Carcass, “Corporal Jigsore Quandary”
Carcass’ ethos differs from that of metal bands focusing on the psychopathy of killers or the supernatural evil some bands claim to be heralds of, instead focusing on the dissection and rot of bodies with a clinical, almost dispassionate abstraction. The fathers of grindcore, Carcass moved in a more death metal direction on third album “Necroticism – Descanting the Insalubrious”, but had taken their obsession with the minutiae of post-mortems even further. While not featuring collages of bodies clipped from medical journals, “Necrotism”‘s lyrics centered almost wholly around the dismembering and disposal of bodies whether by knife or by chemicals.

Nick Cave & The Bad Seeds – Lay Me Low
Much like the Brel tune, here the perpetually morbid Cave doesn’t focus so much on the metaphysical in imagining his own death, but instead on the reactions of those around him, taking a seat in the rafters of his own funeral like Huck Finn and Tom Sawyer. Hagiography, misinterpretation and misrememberances are the result.
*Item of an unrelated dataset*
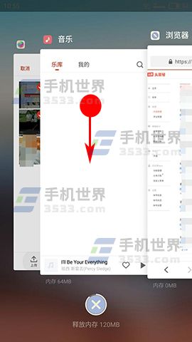 1)首先我们从屏幕底部往上滑动唤出任务管理器,在任务管理器中找到要分屏显示的第一个应用,接着安装那个应用卡片往下滑动,这时在应用卡片上方就会出现【分屏】图标,点击它。(如下图)

Misfits, “Dig Up Her Bones”
In the mid 90s, the reunion of the Misfits sans Danzig seemed like unthinkably heresy. Now, after a decade or so of Jerry Only running the brand name into the ground, the Michale Graves years seem like a golden age. Regardless, that era produced at least one stone classic, a somewhat thematically confused number which rallies perfectly around a chorus about excavating a departed loved one’s grave. What was I saying about dead teenager songs?

Marissa Nadler, “Annabelle Lee”
Ballads of Living and Dying, Nadler’s debut, is a dark affair: the sort of listen which brings Tom Waits, Flannery O’Connor and Cormac McCarthy to your mind and ghostly images of the lover you wronged to your window sill ’til you just grab a mickey of whiskey and go on a midnight ramble, perhaps hoping that some Final End will claim you. While she’s lightened her palette somewhat since 2004, here she stakes her claim to one of Poe’s dreariest lyrics with a conviction beyond her years.

Richard Bjella, “Idumea”
A hymn written by Charles Wesley in 1763 and arranged for sacred harp by Bjella, “Idumea” explores a crisis of faith in resurrection in stunning detail in a mere sixteen lines, encapsulating the fear of rot and the hope for resurrection with a passion rarely communicated. Recently, Soft Cell’s Marc Almond recorded a version with apocalyptic folk act Current 93 just after hovering at death’s door in a coma after a road accident.

The Pogues, “Worms”
A detail from the famous “Hearse Song”, popularized by soldiers in WWI, reintroduced to generations of impressionable youngsters in the early 90s through the “Scary Stories To Tell In The Dark” series. The Pogues’ version, while abridged, makes explicit the memento mori underlying the song’s origins with an entreaty to “be merry”, and ends, suitably, with a death rattle.